EXPERIMENTAL PROCEDURES

DNA Constructs—cDNAs for human and rat α-, β-, and γENaC in pMT3 were cloned as previously described (33, 34). Mutations in αENaC (H255R) and γENaC (H233R) were generated by site-directed mutagenesis (QuikChange; Stratagene) and sequenced in the University of Iowa DNA Core.

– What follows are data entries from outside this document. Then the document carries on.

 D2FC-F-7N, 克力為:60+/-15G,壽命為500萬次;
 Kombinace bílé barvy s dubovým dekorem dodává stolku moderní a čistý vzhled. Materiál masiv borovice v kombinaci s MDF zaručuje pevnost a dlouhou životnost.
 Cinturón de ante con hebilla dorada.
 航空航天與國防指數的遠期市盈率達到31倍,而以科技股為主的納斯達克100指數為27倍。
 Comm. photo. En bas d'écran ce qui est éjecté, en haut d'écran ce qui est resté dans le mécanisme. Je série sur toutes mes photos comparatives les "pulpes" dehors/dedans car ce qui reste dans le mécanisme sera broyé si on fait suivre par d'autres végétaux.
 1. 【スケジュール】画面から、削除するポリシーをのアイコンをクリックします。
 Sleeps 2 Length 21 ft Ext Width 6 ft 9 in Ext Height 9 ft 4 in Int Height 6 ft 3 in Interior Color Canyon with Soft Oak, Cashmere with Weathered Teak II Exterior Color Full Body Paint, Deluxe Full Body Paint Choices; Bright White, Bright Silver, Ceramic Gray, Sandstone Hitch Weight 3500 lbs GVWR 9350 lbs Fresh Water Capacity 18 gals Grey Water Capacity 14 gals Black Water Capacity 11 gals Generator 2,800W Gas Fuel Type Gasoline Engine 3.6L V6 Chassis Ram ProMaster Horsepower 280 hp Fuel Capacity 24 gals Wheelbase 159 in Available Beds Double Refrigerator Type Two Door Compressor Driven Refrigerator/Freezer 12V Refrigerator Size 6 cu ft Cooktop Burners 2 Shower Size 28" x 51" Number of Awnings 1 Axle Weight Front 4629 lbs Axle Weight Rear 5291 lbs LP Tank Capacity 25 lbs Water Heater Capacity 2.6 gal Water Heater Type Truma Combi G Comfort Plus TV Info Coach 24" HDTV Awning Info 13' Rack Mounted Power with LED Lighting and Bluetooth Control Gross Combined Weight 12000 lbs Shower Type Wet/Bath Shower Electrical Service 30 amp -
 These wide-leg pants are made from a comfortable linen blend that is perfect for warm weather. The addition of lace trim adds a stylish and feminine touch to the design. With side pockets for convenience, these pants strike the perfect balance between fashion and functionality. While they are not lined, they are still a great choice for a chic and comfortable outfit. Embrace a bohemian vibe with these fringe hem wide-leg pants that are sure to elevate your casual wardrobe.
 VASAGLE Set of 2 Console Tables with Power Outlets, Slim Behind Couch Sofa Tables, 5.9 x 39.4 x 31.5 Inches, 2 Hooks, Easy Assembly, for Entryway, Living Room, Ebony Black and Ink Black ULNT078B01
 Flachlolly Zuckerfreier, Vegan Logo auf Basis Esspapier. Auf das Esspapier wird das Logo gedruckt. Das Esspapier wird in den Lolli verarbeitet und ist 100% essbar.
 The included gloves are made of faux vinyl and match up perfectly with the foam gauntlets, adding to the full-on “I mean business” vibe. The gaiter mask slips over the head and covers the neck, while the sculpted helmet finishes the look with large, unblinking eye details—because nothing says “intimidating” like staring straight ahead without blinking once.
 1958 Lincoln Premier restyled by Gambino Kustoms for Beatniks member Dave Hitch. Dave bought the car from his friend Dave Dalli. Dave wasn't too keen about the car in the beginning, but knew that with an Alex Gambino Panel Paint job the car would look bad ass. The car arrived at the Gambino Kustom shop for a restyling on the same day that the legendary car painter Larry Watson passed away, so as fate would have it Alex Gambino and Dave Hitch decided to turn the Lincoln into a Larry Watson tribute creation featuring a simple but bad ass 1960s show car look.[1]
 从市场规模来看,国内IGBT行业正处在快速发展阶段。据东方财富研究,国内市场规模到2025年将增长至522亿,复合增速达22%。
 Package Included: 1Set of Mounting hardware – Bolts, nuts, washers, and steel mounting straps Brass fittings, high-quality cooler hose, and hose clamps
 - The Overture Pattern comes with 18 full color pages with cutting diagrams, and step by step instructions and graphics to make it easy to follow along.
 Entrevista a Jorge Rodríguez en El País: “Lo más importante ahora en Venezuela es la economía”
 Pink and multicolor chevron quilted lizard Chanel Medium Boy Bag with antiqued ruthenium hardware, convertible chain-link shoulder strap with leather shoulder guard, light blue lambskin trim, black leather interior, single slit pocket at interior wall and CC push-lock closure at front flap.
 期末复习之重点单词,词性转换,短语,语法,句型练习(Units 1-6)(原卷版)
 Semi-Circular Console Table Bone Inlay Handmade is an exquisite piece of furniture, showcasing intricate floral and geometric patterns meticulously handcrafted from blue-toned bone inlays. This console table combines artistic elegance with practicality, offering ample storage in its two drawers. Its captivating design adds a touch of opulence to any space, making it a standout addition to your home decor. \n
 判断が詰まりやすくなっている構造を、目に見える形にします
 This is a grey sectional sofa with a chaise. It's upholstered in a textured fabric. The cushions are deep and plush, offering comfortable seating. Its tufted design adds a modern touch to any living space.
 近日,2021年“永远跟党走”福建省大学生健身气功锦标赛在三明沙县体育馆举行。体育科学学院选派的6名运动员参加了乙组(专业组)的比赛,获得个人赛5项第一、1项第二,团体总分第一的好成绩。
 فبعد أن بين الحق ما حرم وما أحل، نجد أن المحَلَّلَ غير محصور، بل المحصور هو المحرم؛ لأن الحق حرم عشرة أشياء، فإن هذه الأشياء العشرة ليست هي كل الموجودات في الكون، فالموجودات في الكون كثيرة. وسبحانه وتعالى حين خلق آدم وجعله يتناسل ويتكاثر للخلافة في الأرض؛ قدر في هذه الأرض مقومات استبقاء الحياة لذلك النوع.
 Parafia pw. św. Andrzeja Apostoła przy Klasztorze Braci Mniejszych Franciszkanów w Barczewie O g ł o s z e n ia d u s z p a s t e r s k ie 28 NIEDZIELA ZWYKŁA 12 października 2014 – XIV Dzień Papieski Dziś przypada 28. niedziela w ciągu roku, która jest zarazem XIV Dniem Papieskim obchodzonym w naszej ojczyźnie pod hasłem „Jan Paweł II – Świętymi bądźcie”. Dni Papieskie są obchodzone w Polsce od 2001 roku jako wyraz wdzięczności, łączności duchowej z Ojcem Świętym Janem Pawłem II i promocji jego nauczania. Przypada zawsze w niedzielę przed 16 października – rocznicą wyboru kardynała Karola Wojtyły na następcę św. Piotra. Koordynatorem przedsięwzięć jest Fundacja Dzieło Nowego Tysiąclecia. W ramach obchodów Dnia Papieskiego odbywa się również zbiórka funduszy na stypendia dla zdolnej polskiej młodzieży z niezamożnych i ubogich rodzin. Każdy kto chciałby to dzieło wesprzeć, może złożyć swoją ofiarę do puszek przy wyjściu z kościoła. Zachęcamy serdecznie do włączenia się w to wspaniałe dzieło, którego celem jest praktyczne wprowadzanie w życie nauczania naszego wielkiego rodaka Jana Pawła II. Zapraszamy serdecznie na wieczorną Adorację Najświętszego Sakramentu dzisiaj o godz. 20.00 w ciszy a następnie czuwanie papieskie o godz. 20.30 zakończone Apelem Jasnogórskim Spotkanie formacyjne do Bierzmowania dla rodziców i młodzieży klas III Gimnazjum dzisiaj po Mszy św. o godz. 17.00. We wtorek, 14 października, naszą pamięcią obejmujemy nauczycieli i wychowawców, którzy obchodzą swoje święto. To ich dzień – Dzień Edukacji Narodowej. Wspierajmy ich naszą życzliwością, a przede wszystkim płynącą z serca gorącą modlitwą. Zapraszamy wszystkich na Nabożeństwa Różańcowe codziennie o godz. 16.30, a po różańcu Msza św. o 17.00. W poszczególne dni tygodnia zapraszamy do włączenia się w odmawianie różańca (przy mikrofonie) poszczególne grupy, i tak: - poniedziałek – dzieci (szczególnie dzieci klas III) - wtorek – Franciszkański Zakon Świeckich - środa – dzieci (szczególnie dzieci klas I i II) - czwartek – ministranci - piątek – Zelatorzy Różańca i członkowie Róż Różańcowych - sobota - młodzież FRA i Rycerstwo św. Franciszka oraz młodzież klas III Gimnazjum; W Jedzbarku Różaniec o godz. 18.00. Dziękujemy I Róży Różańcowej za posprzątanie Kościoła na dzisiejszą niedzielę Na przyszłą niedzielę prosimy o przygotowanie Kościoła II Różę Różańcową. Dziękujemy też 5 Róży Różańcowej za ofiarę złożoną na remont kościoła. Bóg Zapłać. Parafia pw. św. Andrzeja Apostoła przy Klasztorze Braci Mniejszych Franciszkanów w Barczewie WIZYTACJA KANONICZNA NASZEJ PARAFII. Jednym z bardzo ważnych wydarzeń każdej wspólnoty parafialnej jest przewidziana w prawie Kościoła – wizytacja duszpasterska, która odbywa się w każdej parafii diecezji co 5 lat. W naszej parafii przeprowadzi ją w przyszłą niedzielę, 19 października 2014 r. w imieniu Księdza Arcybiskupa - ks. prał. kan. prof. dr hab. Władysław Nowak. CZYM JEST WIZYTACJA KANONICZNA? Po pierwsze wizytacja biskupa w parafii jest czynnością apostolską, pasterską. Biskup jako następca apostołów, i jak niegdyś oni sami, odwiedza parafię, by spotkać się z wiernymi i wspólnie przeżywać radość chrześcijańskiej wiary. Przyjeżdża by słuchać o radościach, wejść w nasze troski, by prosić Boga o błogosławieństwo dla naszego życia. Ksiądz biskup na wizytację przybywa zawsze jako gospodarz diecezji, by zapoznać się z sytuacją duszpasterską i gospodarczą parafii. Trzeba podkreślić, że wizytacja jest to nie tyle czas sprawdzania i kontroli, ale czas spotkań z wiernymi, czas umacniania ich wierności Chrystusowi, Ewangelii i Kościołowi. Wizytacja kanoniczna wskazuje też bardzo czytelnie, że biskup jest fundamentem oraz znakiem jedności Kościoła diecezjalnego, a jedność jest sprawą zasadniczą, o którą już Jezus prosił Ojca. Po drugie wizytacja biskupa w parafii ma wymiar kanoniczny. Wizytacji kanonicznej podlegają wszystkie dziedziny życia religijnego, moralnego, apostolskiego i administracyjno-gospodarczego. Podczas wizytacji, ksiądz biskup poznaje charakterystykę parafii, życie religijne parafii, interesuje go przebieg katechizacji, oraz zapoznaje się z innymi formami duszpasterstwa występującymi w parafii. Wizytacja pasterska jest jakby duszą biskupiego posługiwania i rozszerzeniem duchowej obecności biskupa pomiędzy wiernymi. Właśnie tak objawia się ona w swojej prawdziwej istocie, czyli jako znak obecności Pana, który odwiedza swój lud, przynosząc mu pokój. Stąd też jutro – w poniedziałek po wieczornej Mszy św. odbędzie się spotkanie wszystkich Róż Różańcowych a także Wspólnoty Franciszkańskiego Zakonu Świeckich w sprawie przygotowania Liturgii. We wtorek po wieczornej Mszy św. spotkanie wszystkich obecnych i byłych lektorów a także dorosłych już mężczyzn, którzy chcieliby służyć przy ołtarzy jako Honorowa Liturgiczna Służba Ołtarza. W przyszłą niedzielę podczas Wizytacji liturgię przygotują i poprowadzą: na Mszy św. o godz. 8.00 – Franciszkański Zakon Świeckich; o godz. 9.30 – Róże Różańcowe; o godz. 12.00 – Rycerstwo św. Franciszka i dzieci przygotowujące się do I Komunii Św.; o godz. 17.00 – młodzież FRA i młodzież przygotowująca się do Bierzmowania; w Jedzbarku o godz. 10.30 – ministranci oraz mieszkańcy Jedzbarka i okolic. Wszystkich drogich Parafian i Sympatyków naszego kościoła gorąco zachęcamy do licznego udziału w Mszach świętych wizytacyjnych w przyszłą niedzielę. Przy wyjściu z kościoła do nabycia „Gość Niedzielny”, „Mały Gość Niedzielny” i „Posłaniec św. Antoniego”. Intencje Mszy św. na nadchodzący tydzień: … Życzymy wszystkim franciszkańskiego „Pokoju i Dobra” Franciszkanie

Expression and Whole-cell Electrophysiology in Xenopus Oocytes—Oocytes were harvested from albino Xenopus laevis females and manually defolliculated after a 1-h treatment with 0.75 mg/ml type IV collagenase (Sigma) in Ca2+ free ND-96 (96 mm NaCl, 2 mm KCl, 1 mm MgCl2, 5 mm HEPES, pH adjusted to 7.4 with NaOH). After nuclear injection of cDNAs encoding human or rat α-, β-, and γENaC (0.02 μg/μl each), cells were incubated at 18 °C in modified Barth's saline (88 mm NaCl, 1 mm KCl, 0.33 mm Ca(NO3)2, 0.41 mm CaCl2, 0.82 mm MgSO4, 2.4 mm NaHCO3, 10 mm HEPES, 50 μg/ml gentamycin sulfate, 10 μg/ml sodium penicillin, 10 μg/ml streptomycin sulfate, pH adjusted to 7.4 with NaOH) for 20–24 h before the study.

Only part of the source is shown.